How much bully-induced rage does it take to finally push a person over the precipice?
Schoolyard bullies have enjoyed too much press for the last twenty or so years: there is nothing new under the sun to report about that, except possibly its lightning fast delivery through time and space thanks in no small part to sophisticated electronics and the ‘net. I don’t have a thing to add to that conversation.
But I might have something to say about this phenomenon dressed in its grown-up clothing—you could call it passive aggression, but make no mistake: what I’m talking about is bullying. This mom blogger did it way more justice in her 2010 post-gone-viral than I can hope to here. I understand her, even if my own child’s circumstances were a tad different, because I witnessed the kind of grown-up pushing and shoving she describes too many times during my parenting years. Its more benign version occurred every single day in the guise of compulsive parent volunteers who not only “selflessly” signed up to serve on every school committee or volunteer at every event, but also made sure the rest of the world (read: the parents who did not sign up) knew all about it. Call it magnanimity and self-sacrifice if you will, but it is needful superiority, plain and simple, practically oozing from the pores of parents who knew they were better than you because they stepped up to the plate more often.
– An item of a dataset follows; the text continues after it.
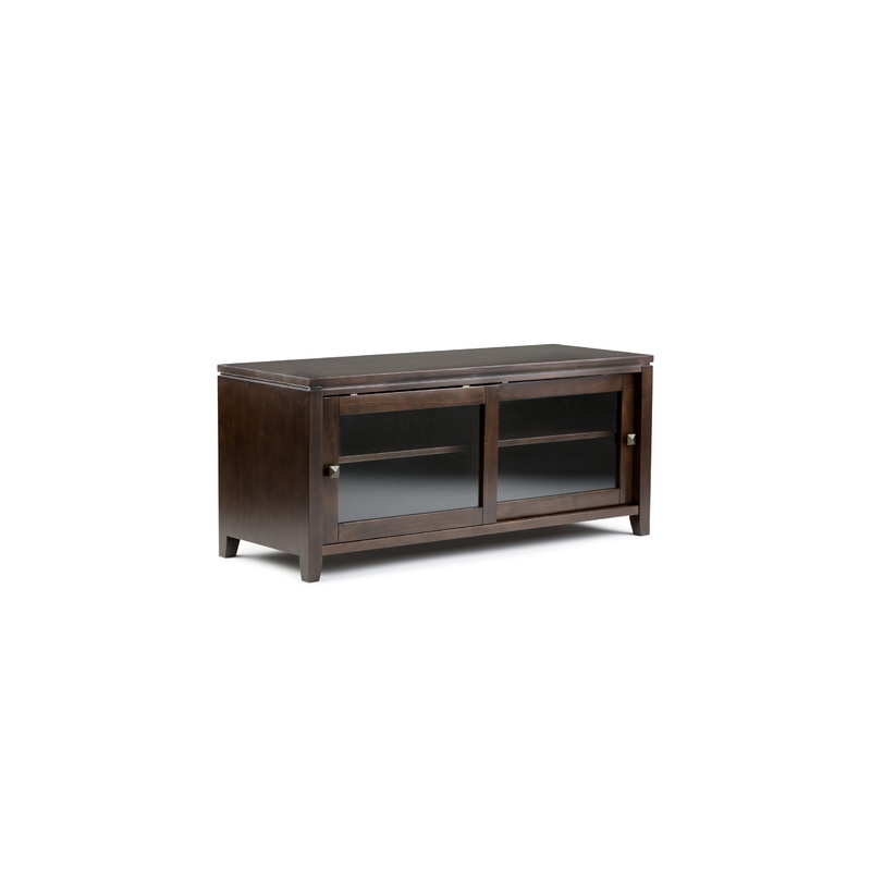 Cosmopolitan Solid Wood 48 inch Wide Contemporary TV Media Stand in Mahogany Brown For TVs up to 50 inchesYou need a great TV Stand for your brand new flat screen TV. One that will accentuate its beauty and allow you to view in comfort. The Cosmopolitan TV Stand is perfectly sized for TVs upto 50 inches. It has side cabinets with sliding doors and two adjustable shelves which allow plenty of storage and space for all your media and gaming devices. The unit features cord management cut-outs for easy installation of TV and media components.

I can think of distinctly more sinister examples of grown-up bullying, like a particular weekday morning in 2004 when I dropped my challenging child in the fourth grade classroom at the pressure-cooker private school he attended at the time. It was the worst school year to date—his, and by extension ours—and proved to be his worst ever school year when everything was said and done, as measured by how bloodied my family’s collective noses were at the end of it. For the umpteenth time I stood there just outside the classroom talking to my kid’s teacher, probably about his latest infraction, and probably also scheduling still another round of meetings with school admins and outside professionals in the eternal and exhausting attempt to give this kid a fighting chance for a normal existence at school. These efforts were futile for a multitude of reasons, but I lacked the wisdom to recognize this truth at that moment because of my own relative youth and inexperience. And hope springs eternal, after all.
But mainly I persisted for this: when your compromised kid has faced all kinds of challenges since preschool—some you already know about, others you’ll learn about later—it is your responsibility as his parent to advocate for him. The “system” never will, whether it’s a public or private one, and that is a fact. That much I knew at least, and that alone was reason enough to stand there and talk to this difficult, tough as nails woman about my difficult child. I probably had not gotten much sleep the night before, the shower still awaited me back at home, and also the coffee pot: I am sure I looked like Ish Kabbible, as my mom would say. In short, my general deportment did not give me much credibility.
Then I heard the unmistakable clackety-clack-clack of heels on the deck outside the classroom, recognized the silhouette of Professional Mom in her pencil skirt and suit jacket who also needed to bend the teacher’s ear about something or other to do with her wunderkind: the kid who had skipped a grade and landed here in the same classroom with my kid who had already repeated a grade. She was in a hurry, because, Professional Mom.
She glanced condescendingly at me and without missing a beat interrupted my sentence and started an impromptu meeting of her own. What’s more, the teacher allowed it to happen (see self-advocacy above). I struggled the rest of the day to find an appropriate lightning rod for my anger. Ish Kabibble stepped aside for Pencil Skirt on that morning in 2004. She could not possibly have known the monumental undertaking it was to convince my anxious kid to get up, get dressed and to eat at least a little something—especially important because the meds he needed to simply get through the academic day with a modicum of focus and calm had the unfortunate side effect of killing his appetite for the duration—and to get him out the door for our half-hour commute to school. It was a complicated ritual we practiced five mornings a week.
I think I know why women, especially Southern ones, are accused of gathering bitchiness in middle age: it’s got nothing to do with hormones (okay, maybe some) but more to do with politesse and tolerating grown up bullying, sometimes for decades, to the point of exploding. I get it now.
It could be worse than sounding off to superior parents in your kid’s fourth grade classroom: the beauty pageant scene in Little Miss Sunshine, for example. You know the one, where the pageant director with an acorn up her ass has her comeuppance at the end, where the parents finally reveal the truth about beauty pageants on the stage in support of their distinctly un-pageant like child.
When you’re a kid who bullies other kids, adults and sometimes institutions dole out the consequences. But adults who bully other adults, or their kids, suffer more “organic” consequences, if you like. I’m less likely to put up with women in pencil skirts and high heels these days, or aggressive fuel truck drivers on icy Vermont roads, or really anybody who is wont to push me around: the way I see it, I’ve done my time in those trenches. Call me bitchy if you want, and I’ll wear that moniker with pride.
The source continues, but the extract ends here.